(Dataset items)
::::

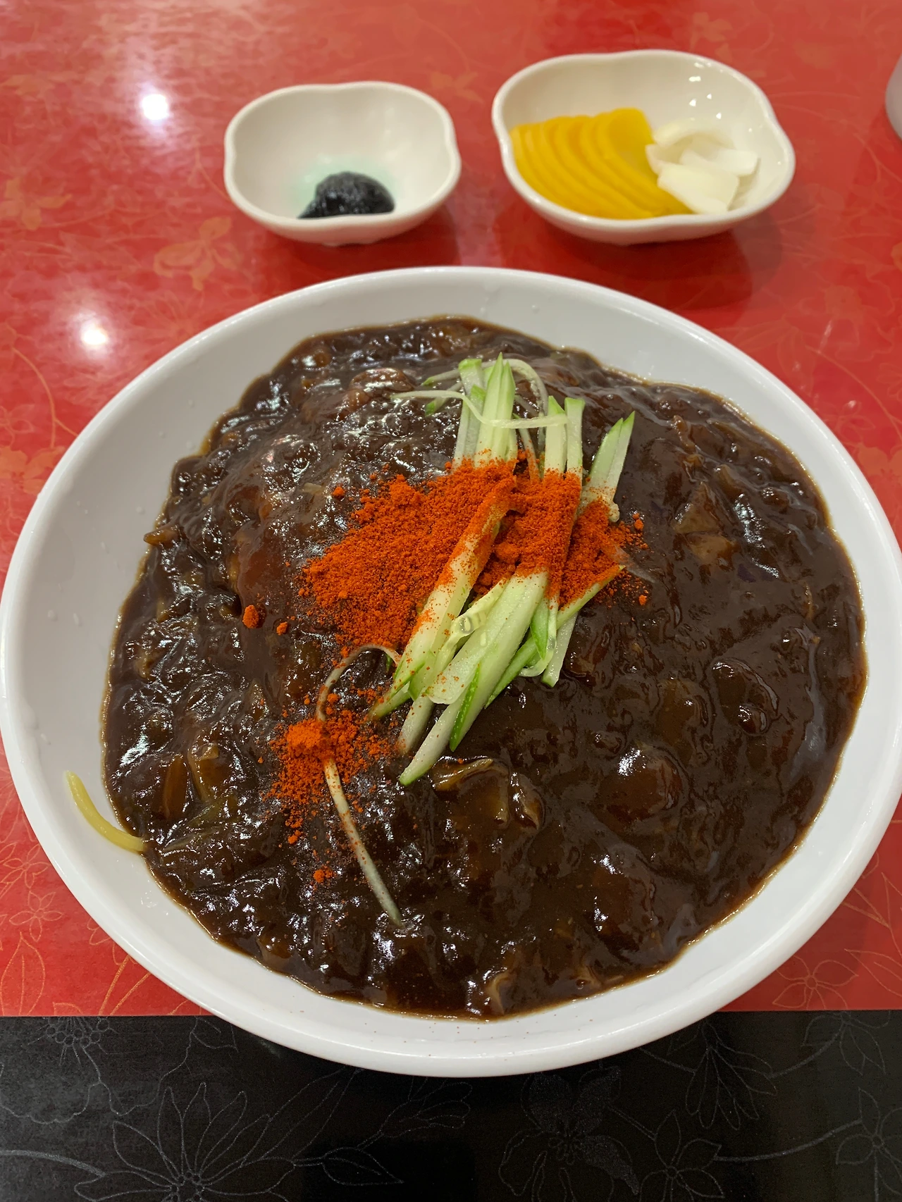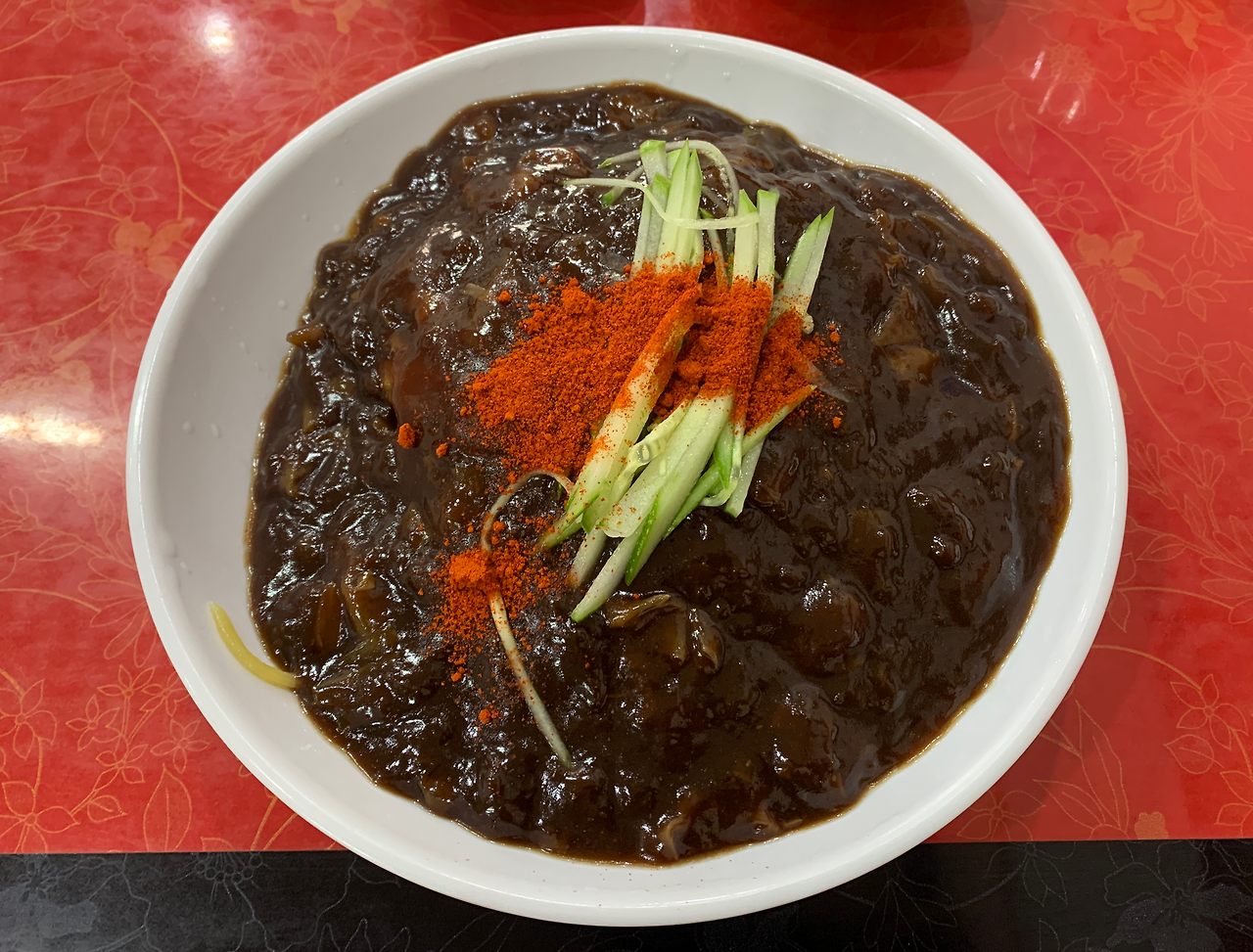 사진 그대로다. 일단 양념은 살짝 옅은 느낌을 지울 수가 없었다. 그래도 맛있겠지라며 면과 양념을 섞어보는데, 아쉽다. 쫄깃 탱글 해야 할 면발은 이미 퍼질 대로 퍼져 있었다. 그냥 아쉬운 대로 먹었다. 더 솔직하게 말하면 짜장면의 양념은 나쁘지 않았으나, 면은 밀가루 맛이 강력했고, 퍼져있어서 식감은 이미 포기한 상태다.
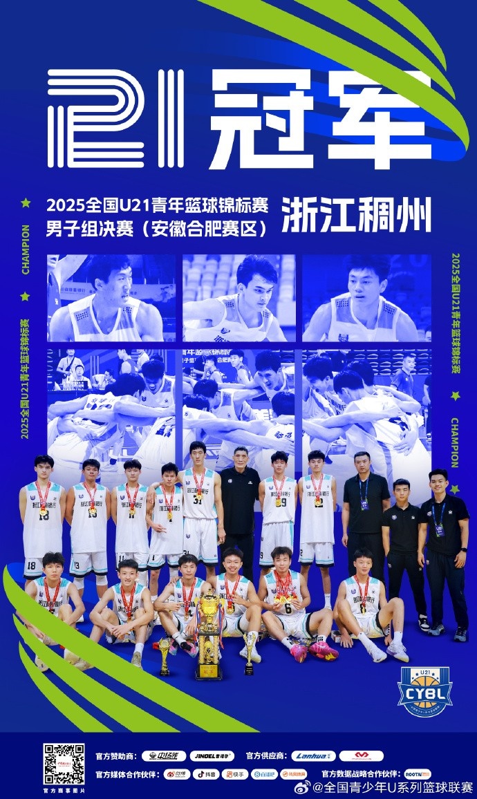 恭喜浙江稠州奪得2025年全國U21青年籃球錦標賽男子組冠軍,青春熱血,全隊齊心!
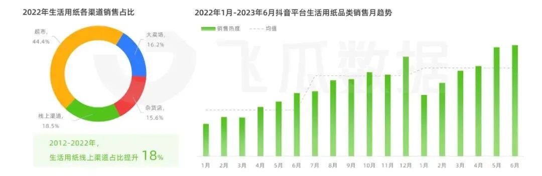 不可否認(rèn),從現(xiàn)階段分渠道來看,線下商超仍是人們購買生活用紙的首要渠道,22年銷售占比超過44%。
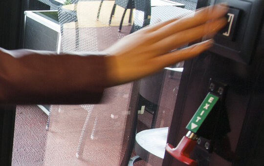 Automatische Türen von record wurden nach höchsten Vorgaben an ihre Sicherheit und Zuverlässigkeit konstruiert. Bei einem Stromausfall jedoch versagt jede automatische Tür ihren Dienst, solange sie nicht mit einem Akkupack für die elektrische Notöffnung oder den Notbetrieb ausgerüstet ist. Für diesen Fall kann Ihre automatische Tür mit einer mechanischen Notentriegelung versehen werden, die über eine robuste Bowdenzugkonstruktion die Verriegelung löst oder bei Break-out-Anlagen die Türflügel zum Aufschwenken entriegelt.
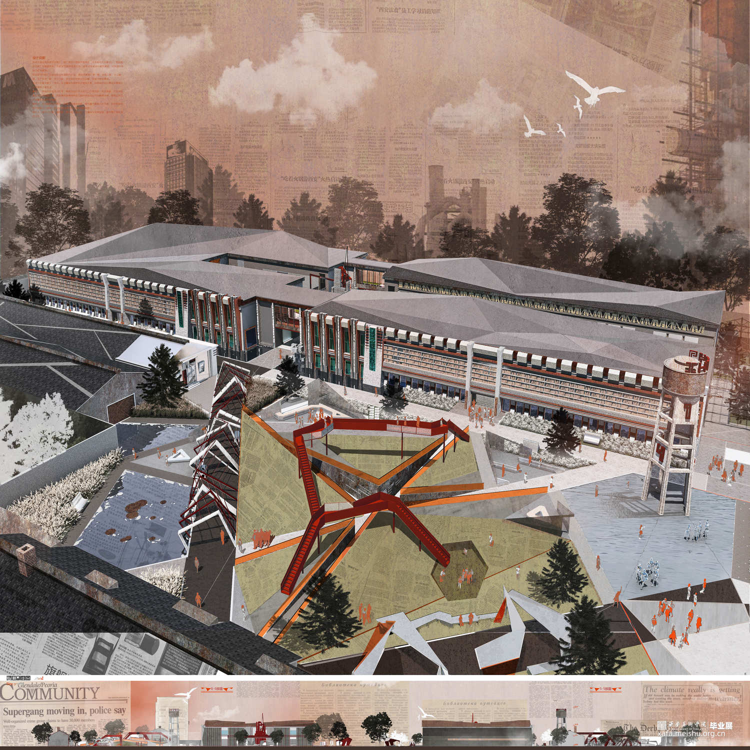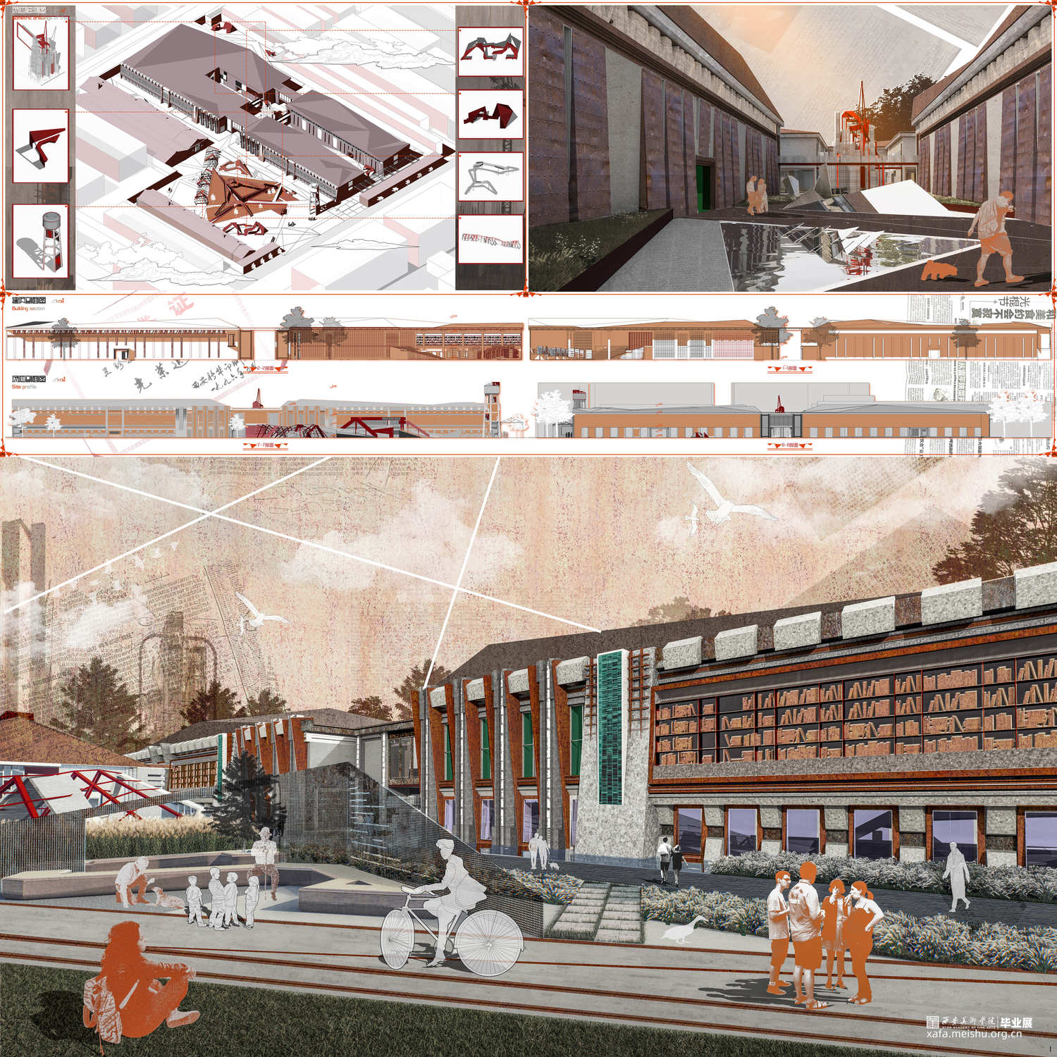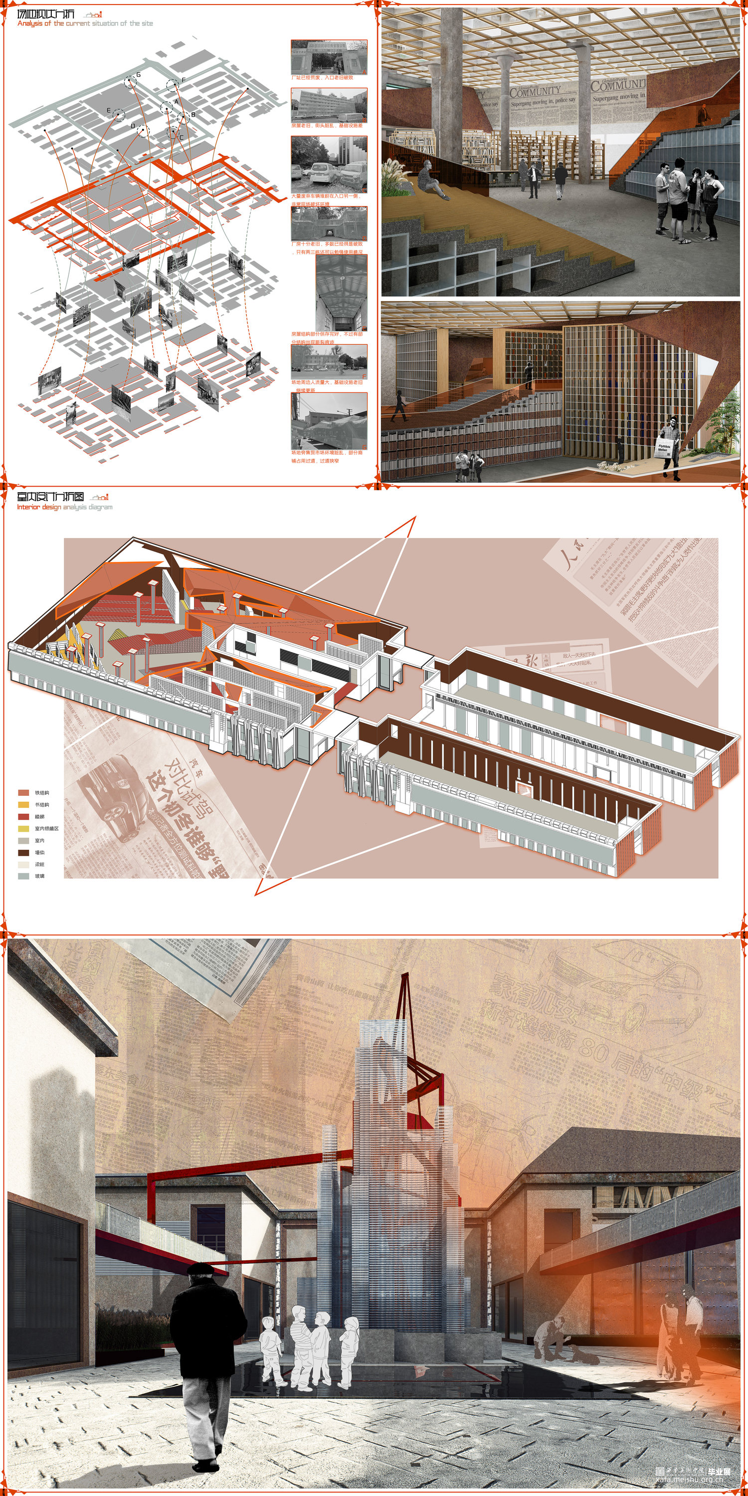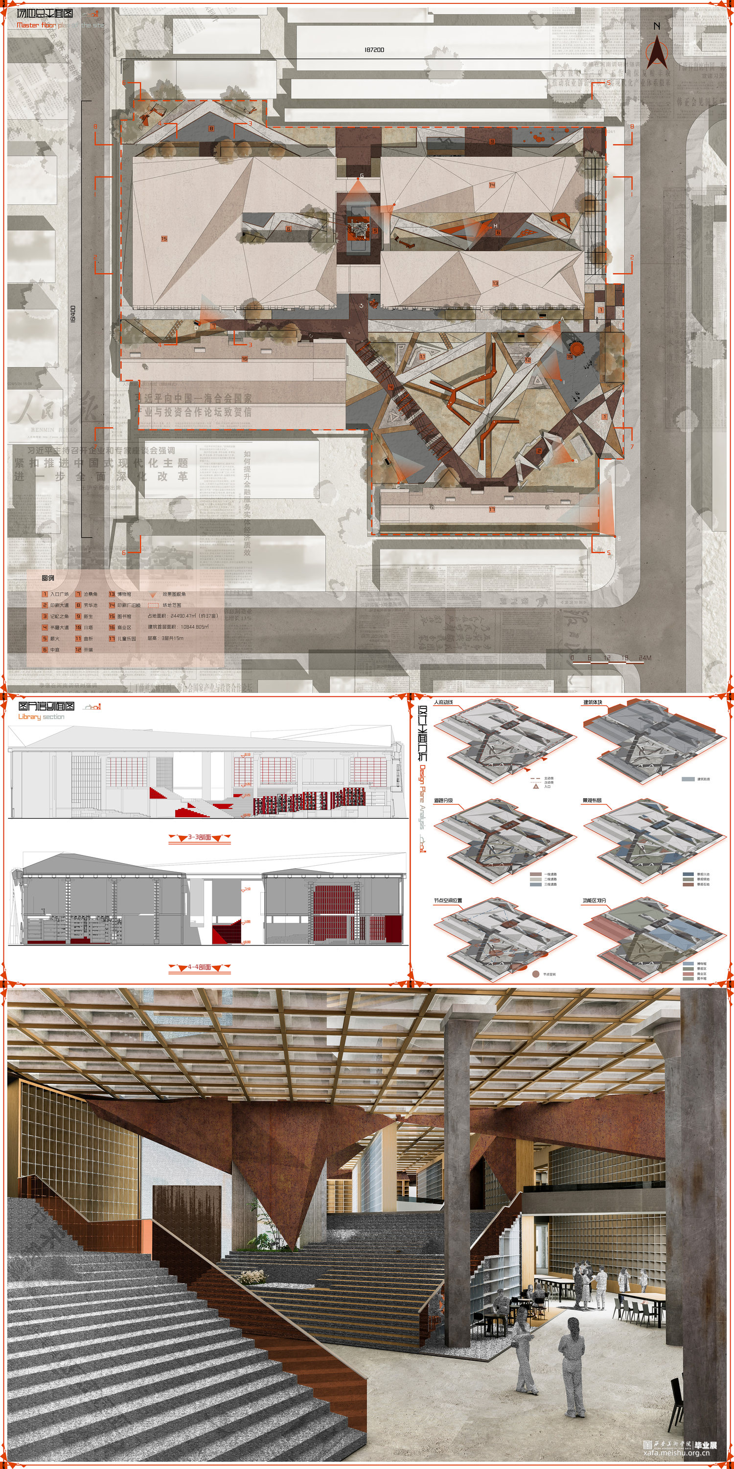 本设计主题为薪火·芳华,从书籍报刊等纸张中提取元素,对场地内进行景观环境提升以及建筑立面改造。

::::

PROBLEM REQUIREMENTS: All of the data is to be returned exactly, with no pictures included.

RESPONSE TO THE TASK:
 사진 그대로다. 일단 양념은 살짝 옅은 느낌을 지울 수가 없었다. 그래도 맛있겠지라며 면과 양념을 섞어보는데, 아쉽다. 쫄깃 탱글 해야 할 면발은 이미 퍼질 대로 퍼져 있었다. 그냥 아쉬운 대로 먹었다. 더 솔직하게 말하면 짜장면의 양념은 나쁘지 않았으나, 면은 밀가루 맛이 강력했고, 퍼져있어서 식감은 이미 포기한 상태다.
 恭喜浙江稠州奪得2025年全國U21青年籃球錦標賽男子組冠軍,青春熱血,全隊齊心!
 不可否認(rèn),從現(xiàn)階段分渠道來看,線下商超仍是人們購買生活用紙的首要渠道,22年銷售占比超過44%。
 Automatische Türen von record wurden nach höchsten Vorgaben an ihre Sicherheit und Zuverlässigkeit konstruiert. Bei einem Stromausfall jedoch versagt jede automatische Tür ihren Dienst, solange sie nicht mit einem Akkupack für die elektrische Notöffnung oder den Notbetrieb ausgerüstet ist. Für diesen Fall kann Ihre automatische Tür mit einer mechanischen Notentriegelung versehen werden, die über eine robuste Bowdenzugkonstruktion die Verriegelung löst oder bei Break-out-Anlagen die Türflügel zum Aufschwenken entriegelt.
 本设计主题为薪火·芳华,从书籍报刊等纸张中提取元素,对场地内进行景观环境提升以及建筑立面改造。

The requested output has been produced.